Machine Learning Infrastructure Engineer
Role details
Job location
Tech stack
Job description
ML Infrastructure & Automation Workflow Architecture: Design and build end-to-end ML workflows and automated pipelines that minimize manual intervention and accelerate the path from experimentation to production. Training & Serving Platforms: Architect and scale our distributed training and model-serving infrastructure. Build the platforms that handle foundational model training, knowledge distillation, and high-performance inference. Data Engineering at Scale: Develop robust data sampling and feature generation platforms that provide high-quality input for our ML systems. Automation & Reliability: Build foundational tools that standardize how we train, track, and deploy models, ensuring high platform reliability and minimal deployment drift.

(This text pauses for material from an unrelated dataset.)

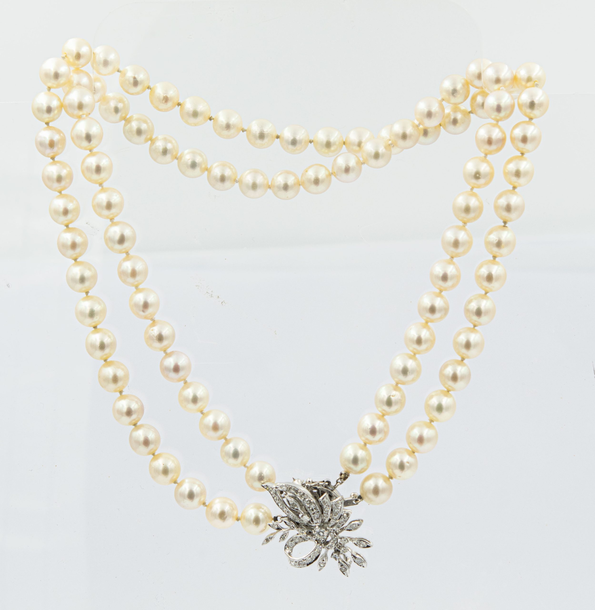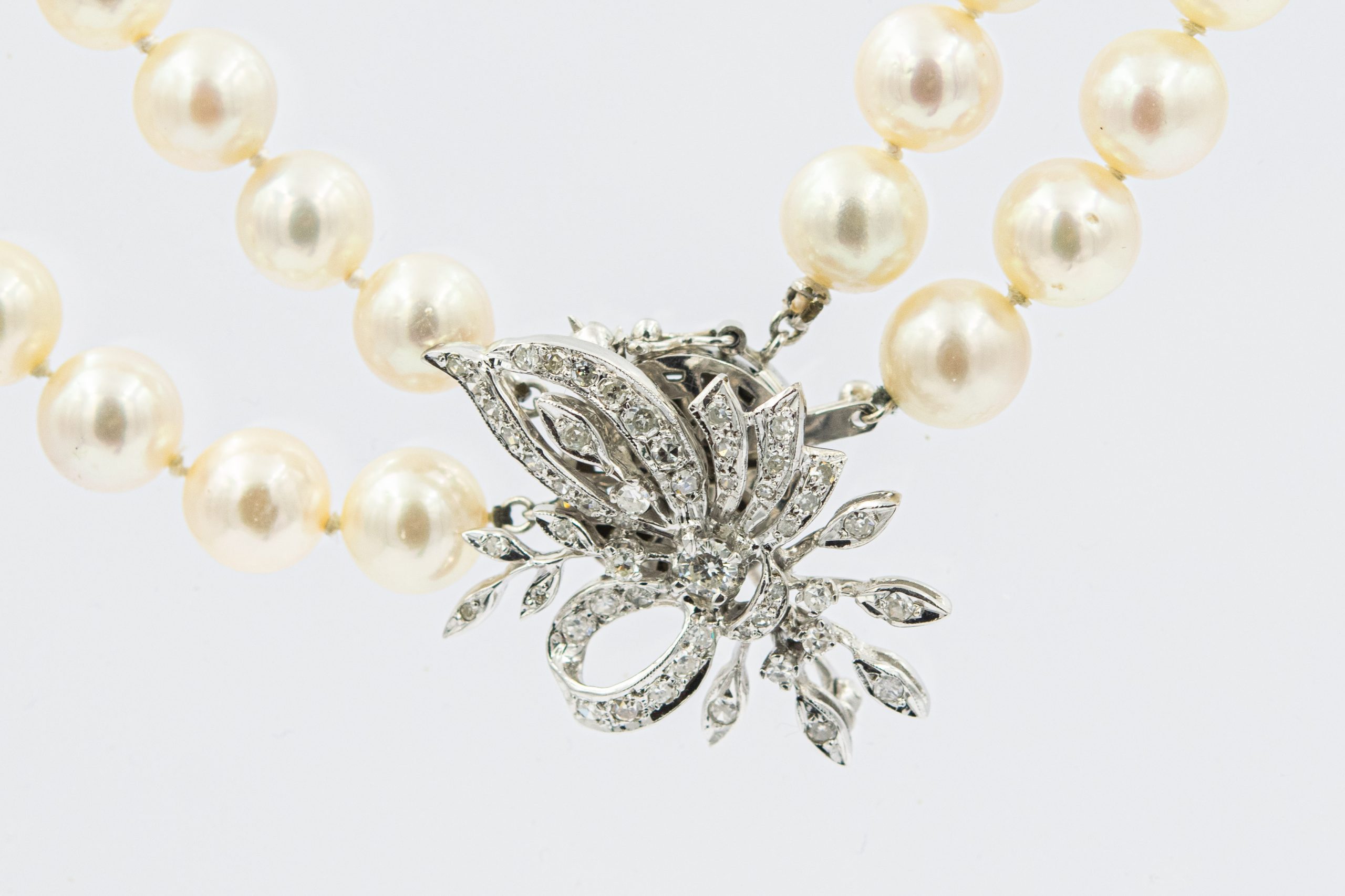 Estate Single Strand Pearl Necklace and White Gold and Diamond Floral Clasp

Performance & Optimization Cost & Efficiency: Drive architectural decisions that optimize our infrastructure footprint. Implement smart resource management and cost-optimization strategies for large-scale training clusters. Developer Productivity: Build "developer-first" internal tools that reduce the cognitive load on researchers, allowing them to focus on model logic rather than infrastructure configuration.
Requirements
Experience Baseline: Minimum of five (5) to ten (10) years of experience in designing, building, and maintaining large-scale ML infrastructure or distributed systems. Infrastructure Mastery: Deep expertise in container orchestration (e.g., Kubernetes), distributed training, and cloud-native infrastructure. Pipeline Expertise: Proven track record of managing massive-scale data pipelines and feature stores. Collaboration: Strong "bridge-builder" personality-you are comfortable working in a high-velocity environment alongside both pure research scientists and core software engineers.
Preferred Attributes Proven background at large-scale AI/ML-driven technology companies. Experience with foundational model training infrastructure and techniques (e.g., model distillation, fine-tuning at scale). A "Scalability Mindset"-you prioritize modular, reusable, and testable code over "quick and dirty" scripts.